§ **WHAT IS BEING ASKED**
Once the pictures are set aside, transcribe each line of the listing exactly.

§ **MATERIAL SHOWN**
┄┄┄┄┄┄┄┄┄┄

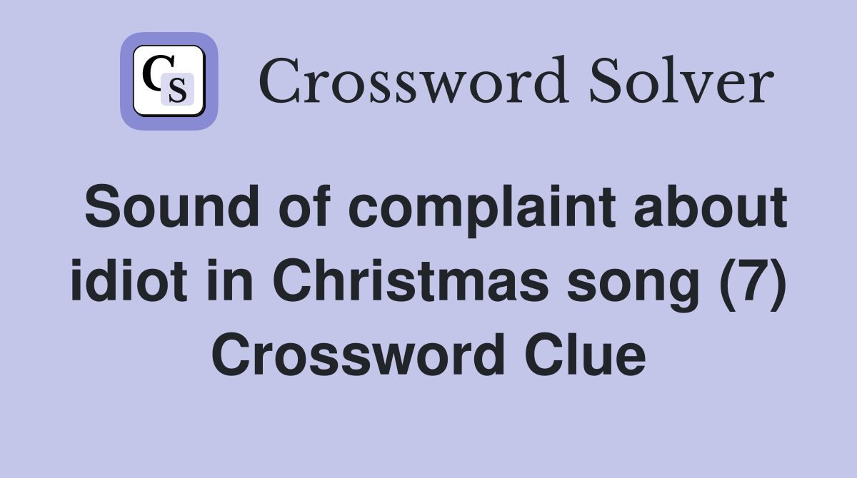 Sound of complaint about idiot in Christmas song (7) Crossword Clue
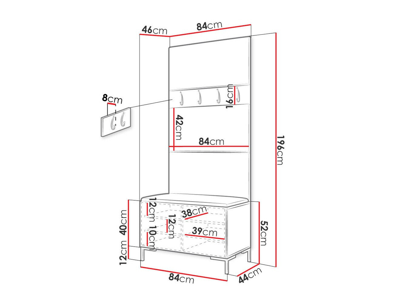 16 x 84 x 8 cm
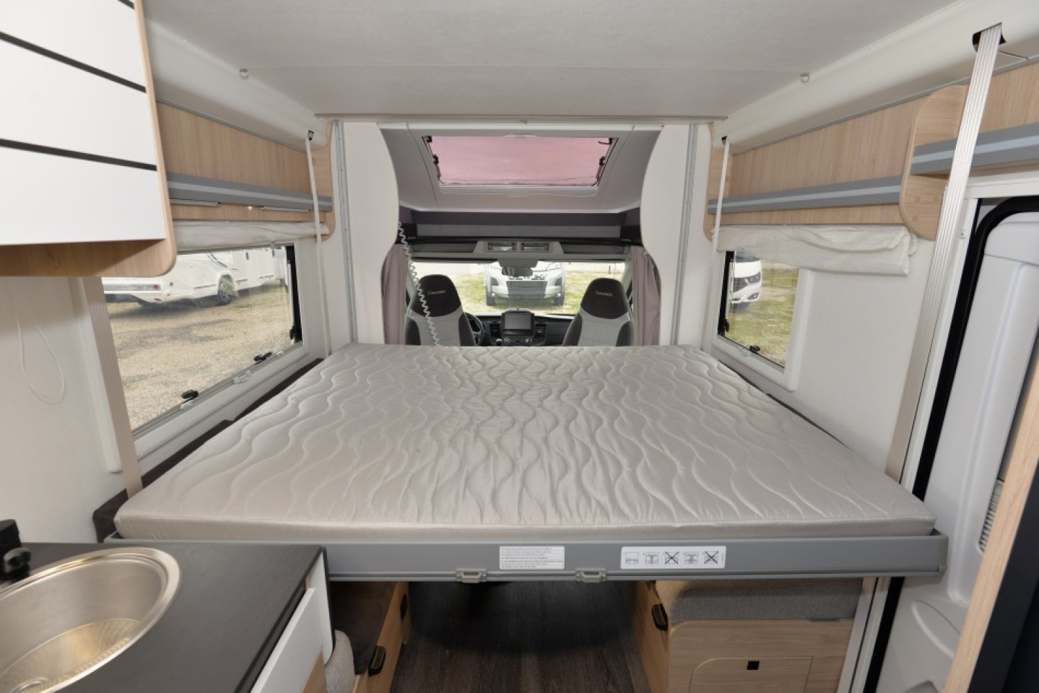 La nouveauté apparaît au niveau du couchage arrière, 2 lits superposés sur soute réglables en hauteur, le lit du dessous est également doté de coffres de rangements, et en variant sa hauteur vous libérerez de l'espace pour votre soute !
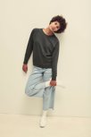 Lichtgewicht dames sweater van ongeborsteld katoen met raglan mouwen.
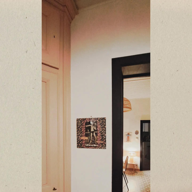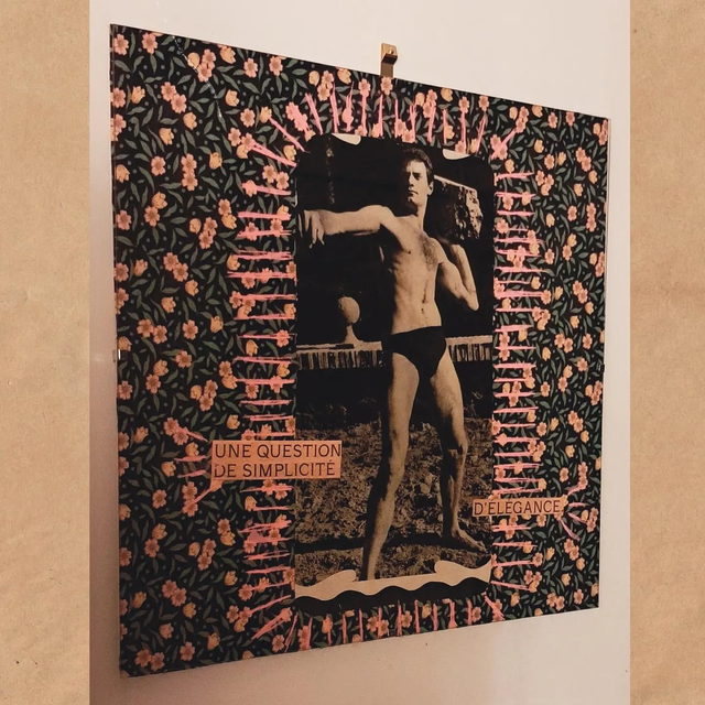 Collage papier sur tissu / sous cadre en verre

┄┄┄┄┄┄┄┄┄┄

§ **SOLUTION FOR THIS TASK**
 Sound of complaint about idiot in Christmas song (7) Crossword Clue
 16 x 84 x 8 cm
 La nouveauté apparaît au niveau du couchage arrière, 2 lits superposés sur soute réglables en hauteur, le lit du dessous est également doté de coffres de rangements, et en variant sa hauteur vous libérerez de l'espace pour votre soute !
 Lichtgewicht dames sweater van ongeborsteld katoen met raglan mouwen.
 Collage papier sur tissu / sous cadre en verre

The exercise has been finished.